13) Winter Solstice Lantern Festival, Dec. 21
Participate in old school winter traditions by celebrating the return of light after the Winter Solstice – the shortest day of the year. This romantic community event takes place across five Vancouver neighbourhoods including Chinatown, Granville Island and Yaletown. As the name suggests, illumination comes from lantern displays, not bulbs. And it’s free! Learn more here.
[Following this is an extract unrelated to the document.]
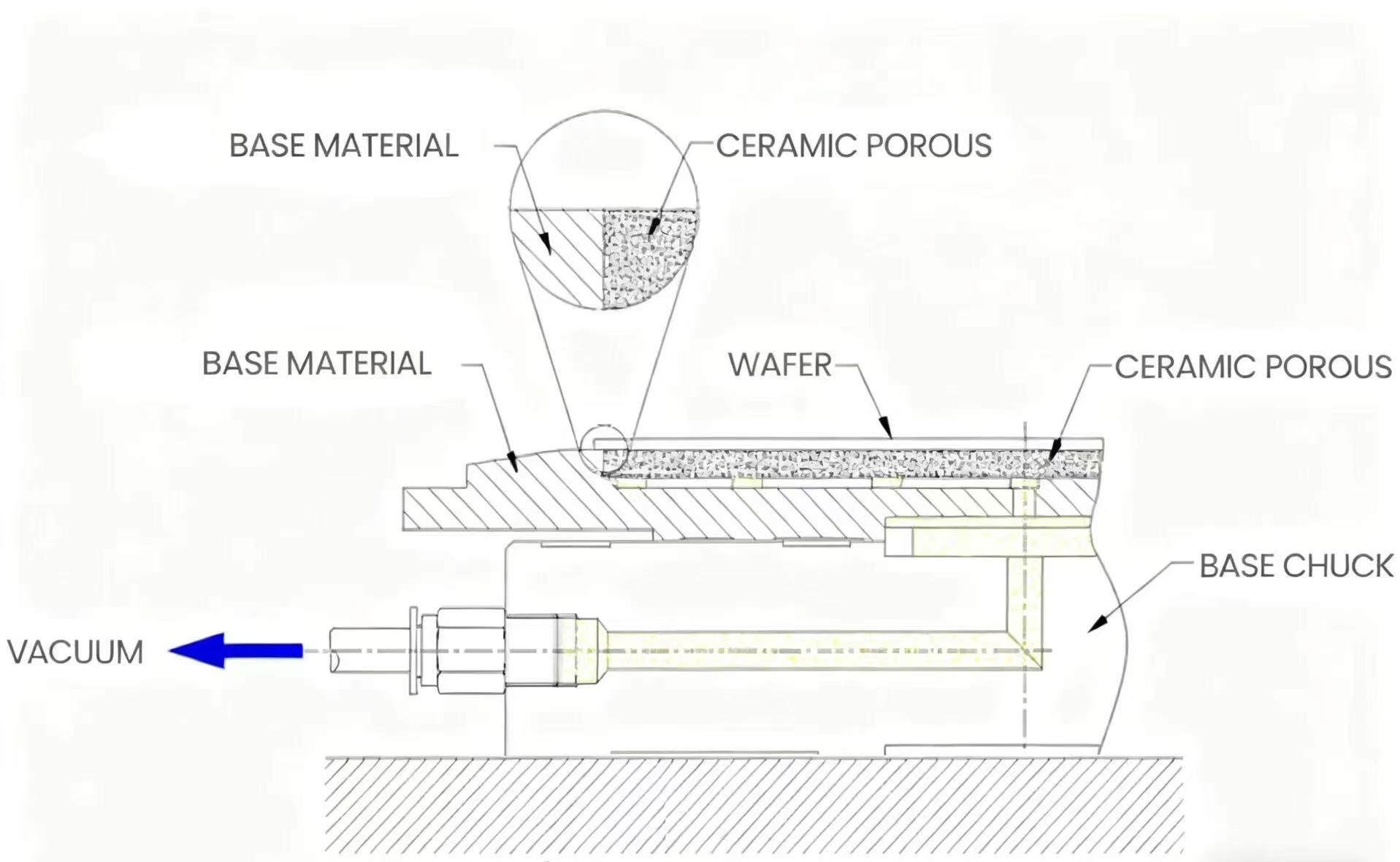 اپنی مرضی کے مطابقغیر محفوظ سیرامک چکبیس اور غیر محفوظ سیرامک پلیٹ پر مشتمل ہے۔ ویکیوم سسٹم سے منسلک ، کم دباؤ کا ماحول ویفر اور سیرامک کے مابین ہوا کو خالی کرکے پیدا کیا جاتا ہے۔ ویکیوم منفی دباؤ کے تحت ، ویفر کو مضبوطی سے چک کی سطح پر قائم رہتا ہے ، بالآخر محفوظ اور مستحکم فکسنگ اور پوزیشننگ کو حاصل کرتا ہے۔
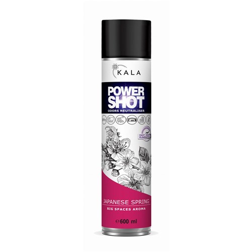 Neutralizator nieprzyjemnych zapachów, aromatyzer, odświeżacz Kala POWER SHOT zapach JAPANESE SPRING (600 ml) to zniewalający, zapach kwitnącej wiśni połączony z nutą budzących się do życia drzew oraz rozkwitających wiosennych kwiatów, pobudzi zmysły i doda wiosennej życiowej energii. Romantyczna naturalna nuta zapachowa w perfumowanym wydaniu.

14) The Santaland Diaries by David Sedaris, ongoing through Dec. 29
Feeling, naughty rather than nice? ArtsClub presents the wickedly funny confessions of an elf on duty at a big box retail store during the holiday season. The show runs at the Revue Stage (1601 Johnston St., Granville Island. Tickets start at $29. “For mature elves only.”
15) Canyon Lights at Capilano Suspension Bridge, ongoing through Jan. 5
Outside the snow is falling and friends are calling, “Yoo hoo” from the stunning, 137-metre long suspension bridge that swings 70 metres above the Capilano River. While the bridge is always a jaw-dropper, it’s exponentially more magical when it’s decked out in twinkly white Christmas lights. There’s also a scavenger hunt, gingerbread cookie decorating and sing-along carols. Open daily 4pm. – 9pm It’s closed Christmas. Adults are $31.95, children are $12, and it’s $65 per family (2 adults and 2 kids).